Depois disso, a história fica desconexa. Há relatos, já divulgados na imprensa, de que Matheusa teria tido um “surto” psicótico e ficado nua antes de sumir na noite. “Esse papo do surto não cai para cima de mim”, diz Gabe, que trabalha com saúde mental. Ela enfatiza que o cuidado que a irmã não recebeu é uma das razões pelas quais não se pode tratar do crime somente pelo viés da LGBTfobia

Ela diz ter cortado o contato com as testemunhas que conhecia, pois não confia mais nelas. “É uma série de cuidados que não foram ofertados. Para muitas pessoas, ainda vai doer bastante.”

Legado
Para se preservar — tanto psiquicamente como contra possíveis ataques de facções —, Gabe parou de dar entrevistas à grande imprensa. Apesar disso, não repudia a cobertura feita sobre o caso até agora, e diz não ter medo, nem culpa em relação a como administrou o caso até agora.

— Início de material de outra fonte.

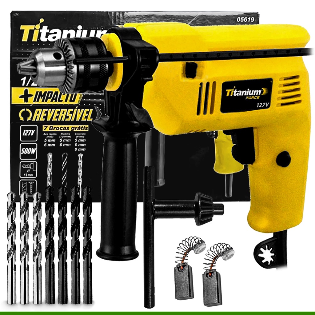 Furadeira Parafusadeira Impacto 1/2'' 220v 500w Titanium C/ Brocas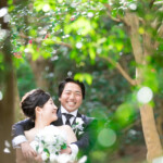 森の中の写真は「かわいく」「かっこよく」「ナチュラル」など、色んな写真の雰囲気が撮影できますので、特に白のウェディングドレスでオススメしたいロケーションスポットです。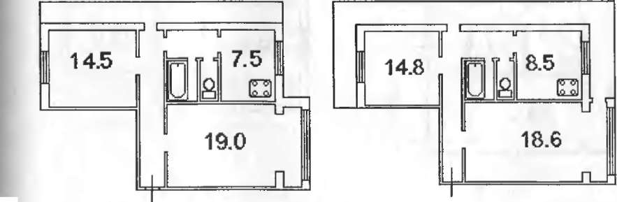 Планировки "чешек" отличаются очень большим разнообразием, рдесь представлены лишь некоторые возможные варианты. Карактерными деталями для них являются многочисленные ралконы-террасы и выход на балкон через эркер соседней комнаты или из коридора.

Uma série de homenagens a Matheusa deve ser organizada nos próximos meses, somando às intervenções que já aconteceram. Amanhã haverá um ato artístico no Rio, co-organizado pela irmã e por amigos da estudante.

“De alguma forma, minha família está lidando mais ou menos bem com o fato de não ter um corpo”, diz Gabe. “Me falaram que o legado da minha irmã é a própria história dela. É sim. Mas não vão nos matar mais. Ela estava quinze passos a frente de todas nós.”